» **Exercise**
Wherever the word "ÜENÜ" occurs in the lines below, copy the whole line.

» **Data provided**
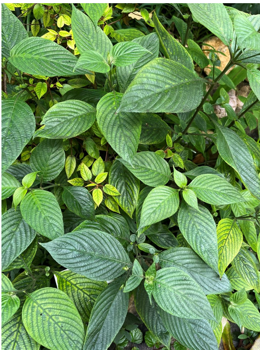
Sortie au jardin botanique de Neuchâtel 17 octobre 2025
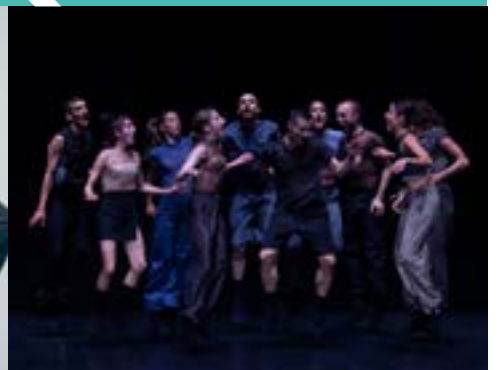
My Fierce Ignorant Step
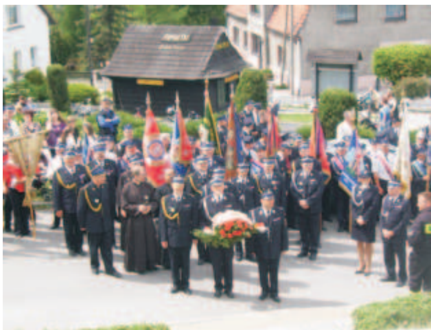
Gora sv. Anny
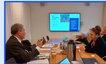
2021 Reunión con CEO DE NIR
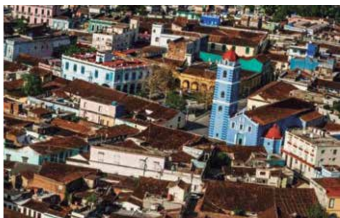
La villa del Yayabo celebrará el 4 de junio su cumpleaños 508.

En relación con la covid, el CIGB espiritano también ha estudiado recientemente el comportamiento en las mujeres embarazadas y lactantes de anticuerpos neutralizantes al virus en la leche materna.
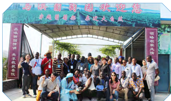
非洲法语国家开发式扶贫政策与实践官员研修班学员到江苏省镇江市恒顺集团参观。
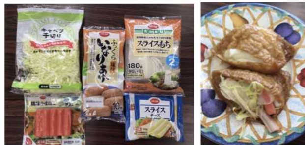
コープふくらみ味付いなりあげ アレンジレシピ
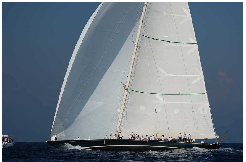
Abb. 2 Shamrock V , 2009.

1930 wurden fünf Js abgeliefert, zunächst für Lipton die Shamrock V . Er hatte bis dahin schon viermal erfolglos ein Cup-Duell gegen die Amerikaner hinter sich. Als Reaktion auf Liptons erneute Herausforderung baute man in den USA die Boote Weeta-moe , Yankee , Whirlwind und Enterprise , von denen sich letztere in Testfahrten als Verteidigeryacht durchsetzte, die anderen nutzte man als Trainingsyachten. Yankee segelte übrigens als einzige amerikanische J, wenn auch außerhalb des AC, in europäischen Gewäs-
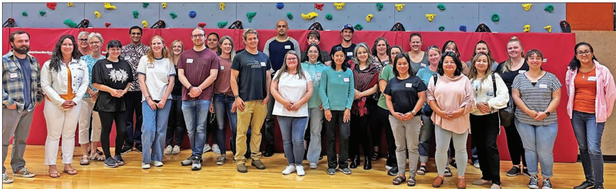
Los maestros y maestras nuevos del Distrito Escolar de Tillamook posan para una fotografía después del almuerzo en la Escuela Primaria Liberty.
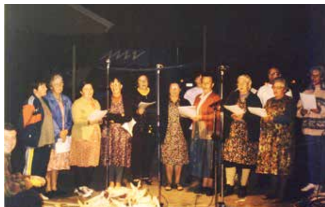
Lüpanje koruze
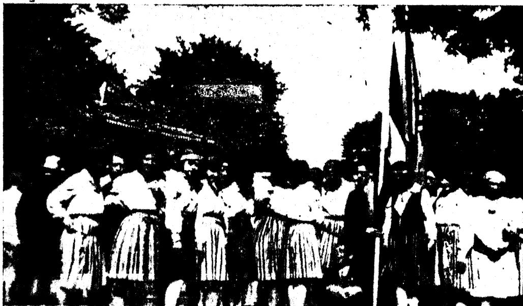
Läti noorsoolased-tantsitarid ÜENÜ juubelpidustustel.

SISU: Eesti noorsele — Rolf Gardiner. ÜENÜ juubelpidustused. Need päevad ei unune ilal — V. Mustel. Pidustuste kõver peegel — Torgla. Opiringidest — ILS. Tähepanu loomakaitsel — dk. Noored ja kirik — S. Jutustusi osakondest. Noorsoo töö mailt. Juubelpidustuste spordivõistlused. Pilte noorsoo tegevusest Kuulatusi j.m.
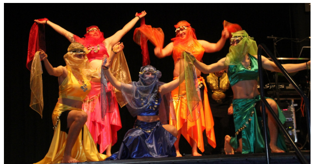
Sogar ein Harem wurde in die Mitternachtsshow eingebaut
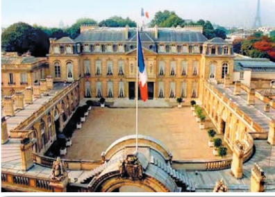
Le Palais de l'Élysée
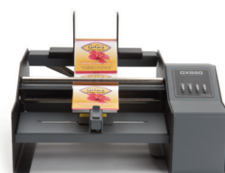
DX850e LABEL DISPENSER

Serie AP applicatori di etichette – sono la soluzione semi-automatica perfetta per l'etichettatura di contenitori cilindrici così come di molti contenitori affusolati incluse bottiglie, lattine, barattoli e tubi.

» **Result**
Läti noorsoolased-tantsitarid ÜENÜ juubelpidustustel.
SISU: Eesti noorsele — Rolf Gardiner. ÜENÜ juubelpidustused. Need päevad ei unune ilal — V. Mustel. Pidustuste kõver peegel — Torgla. Opiringidest — ILS. Tähepanu loomakaitsel — dk. Noored ja kirik — S. Jutustusi osakondest. Noorsoo töö mailt. Juubelpidustuste spordivõistlused. Pilte noorsoo tegevusest Kuulatusi j.m.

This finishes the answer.